Coroutine func is a factory of coroutines, like generator function to generators. Notice the difference between Python’s coroutine function and Javascript’s async function – JS async function, when called, creates a Promise and its internal generator immediately starts being iterated, while Python’s coroutine does nothing, until Task is created upon it.

  1. Should I start writing Python code that always has an event loop running?

If you need any asyncio feature, then you should. As it turns out it’s quite hard to mix synchronous and asynchronous code – your whole program had better be asynchronous (but you can launch synchronous code chunks in separate threads via asyncio threadpool API)

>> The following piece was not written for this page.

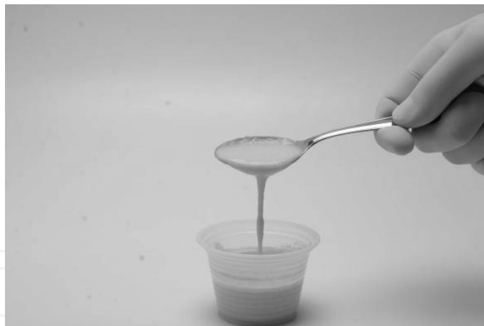
Fig. 3. Photographic representation of a preparation (heart of palm cream) with nectar consistency. pH = 3.71; viscosity = 240 cP; amount of water for dilution in 100 mL of the recipe with pudding viscosity = 42.88 mL

In the photographic representation of the nectar consistency (Figure 3), there is a formation of continuous filament thinner than the previous one, without a characteristic "V" at the base of the spoon.

Answered By: Andrii Maletskyi

I see the main difference downstream.

const promise = new Promise((resolve, reject) => sendRequest(resolve, reject));
await promise;

In JavaScript, the two resolve and reject functions are created by the JS engine and they have to be passed around for you to keep track of them. In the end, you’re still using two callback functions most of the time and the Promise won’t really do more than setTimeout(() => doMoreStuff()) after doStuff calls resolve. There’s no way to retrieve an old result or the status of a Promise once the callbacks were called. The Promise is mostly just the glue code between regular calls and async/await (so you can await the promise somewhere else) and a bit of error callback forwarding for chaining .thens.

future = asyncio.Future()
sendRequest(future)
await future

In Python, the Future itself becomes the interface with which a result is returned and it keeps track of the result.

Since Andril has given the closest Python equivalent to JavaScript’s Promise (which is Task; you give it a callback and wait for it to complete), I’d like to go the other way.

class Future {
  constructor() {
    this.result = undefined;
    this.exception = undefined;
    this.done = false;
    this.success = () => {};
    this.fail = () => {};
  }
  result() {
    if (!this.done) {
      throw Error("still pending");
    }
    return this.result();
  }
  exception() {
    if (!this.done) {
      throw Error("still pending");
    }
    return this.exception();
  }
  setResult(result) {
    if (this.done) {
      throw Error("Already done");
    }
    this.result = result;
    this.done = true;
    
    this.success(this.result);
  }
  setException(exception) {
    if (this.done) {
      throw Error("Already done");
    }
    this.exception = exception;
    this.done = true;

    this.fail(this.exception);
  }
  then(success, fail) {
    this.success = success;
    this.fail = fail;
  }
}

The JS await basically generates two callbacks that are passed to .then, where in a JS Promise the actual logic is supposed to happen. In many examples, this is where you’ll find a setTimeout(resolve, 10000) to demonstrate the jump out of the event loop, but if you instead keep track of those two callbacks you can do with them whatever you want..

function doStuff(f) {
  // keep for some network traffic or so
  setTimeout(() => f.setResult(true), 3000);
}

const future = new Future();
doStuff(future);
console.log('still here');
console.log(await future);

The above example demonstrates that; three seconds after ‘still here’ you get ‘true’.

As you can see, the difference is Promise receives a work function and deals with resolve and reject internally, while Future doesn’t internalize the work and only cares about the callbacks. Personally, I prefer the Future because it’s one layer less callback hell – which was one of the reasons for Promises in the first place: callback chaining.